On Thu, 13 Aug 2020 at 20:56, Doug Anderson <dianders@...omium.org> wrote:
>
> Hi,
>
> On Thu, Aug 13, 2020 at 2:25 AM Sumit Garg <sumit.garg@...aro.org> wrote:
> >
> > > One other idea occurred to me that's maybe simpler.  You could in
> > > theory just poll the serial port periodically to accomplish.  It would
> > > actually probably even work to call the normal serial port interrupt
> > > routine from any random CPU.  On many serial drivers the entire
> > > interrupt handler is wrapped with:
> > >
> > > spin_lock_irqsave(&uap->port.lock, flags);
> > > ...
> > > spin_unlock_irqrestore(&uap->port.lock, flags);
> > >
> > > And a few (the ones I was involved in fixing) have the similar pattern
> > > of using uart_unlock_and_check_sysrq().
> > >
> > > Any serial drivers following this pattern could have their interrupt
> > > routine called periodically just to poll for characters and it'd be
> > > fine, right?  ...and having it take a second before a sysrq comes in
> > > this case is probably not the end of the world?
> > >
> >
> > Are you proposing to have complete RX operation in polling mode with
> > RX interrupt disabled (eg. using a kernel thread)?
>
> No, I'm suggesting a hybrid approach.  Leave the interrupts enabled as
> usual, but _also_ poll every 500 ms or 1 second (maybe make it
> configurable?).  In some serial drivers (ones that hold the lock for
> the whole interrupt routine) this polling function could actually be
> the same as the normal interrupt handler so it'd be trivially easy to
> implement and maintain.
>
> NOTE: This is not the same type of polling that kgdb does today.  The
> existing polling is really only intended to work when we're dropped
> into the debugger.  This would be more like a "poll_irq" type function
> that would do all the normal work the interrupt did and is really just
> there in the case that the CPU that the interrupt is routed to is
> locked up.
>

Your idea sounds interesting.
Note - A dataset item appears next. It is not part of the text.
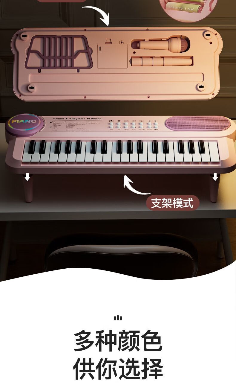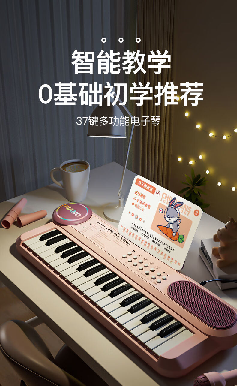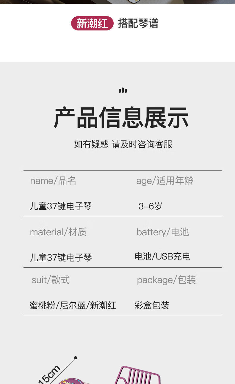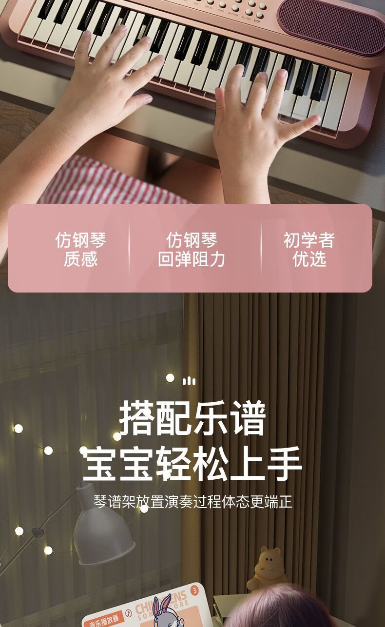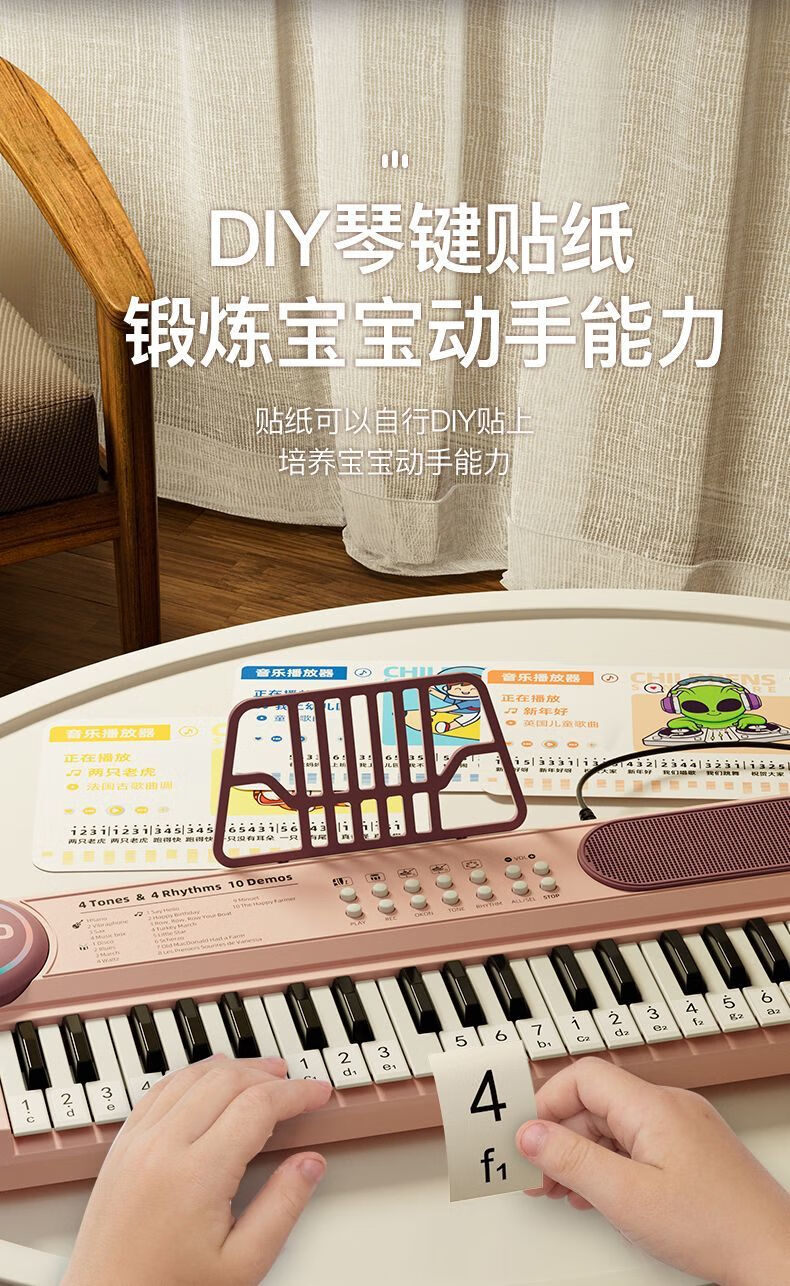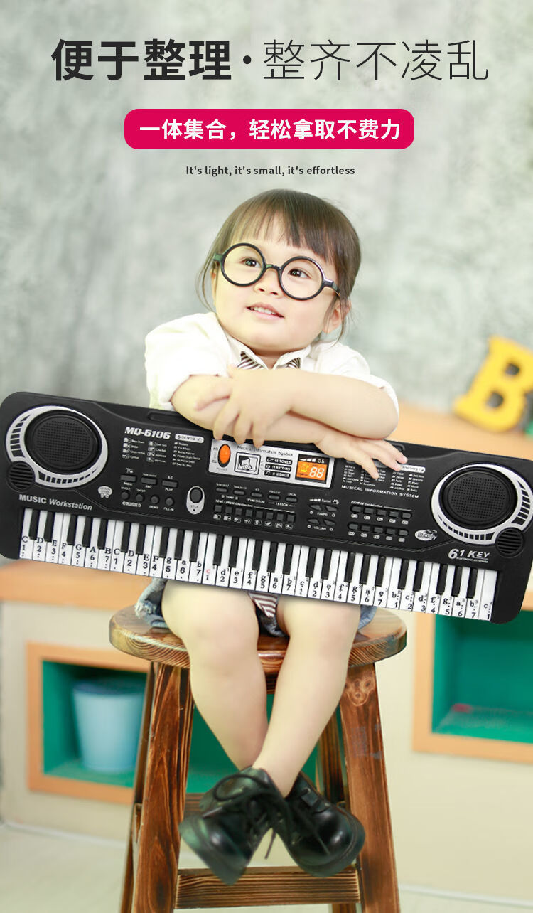 Suicai children's 61-key electronic keyboard piano for beginner girls 1-12 years old with microphone multi-function baby entry piano toy 37-key Neil Blue multi-function with microphone -43c charging gift package version - children's song sheet + button sticker + charge

I think where we are reaching is to have
an ever active listener to serial port that can be scheduled to any
random active CPU. And to keep its CPU overhead negligible, it can
sleep and only wake-up and listen once every 500 ms or 1 second
(configurable).

I will try to think more about it and probably give it a try with a PoC.

-Sumit

>
> > > One nice benefit of this is that it would actually work _better_ on
> > > SMP systems for any sysrqs that aren't NMI safe.  Specifically with
> > > your patch series those would be queued with irq_work_queue() which
> > > means they'd be blocked if the CPU processing the NMI is stuck with
> > > IRQs disabled.
> >
> > Yes, the sysrq handlers which aren't NMI safe will behave similarly to
> > existing IRQ based sysrq handlers.
> >
> > > With the polling mechanism they'd nicely just run on a
> > > different CPU.
> >
> > It looks like polling would cause much CPU overhead. So I am not sure
> > if that is the preferred approach.
>
> Maybe now it's clearer that there should be almost no overhead.  When
> dealing with a SYSRQ it's fine if there's a bit of a delay before it's
> processed, so polling every 1 second is probably fine.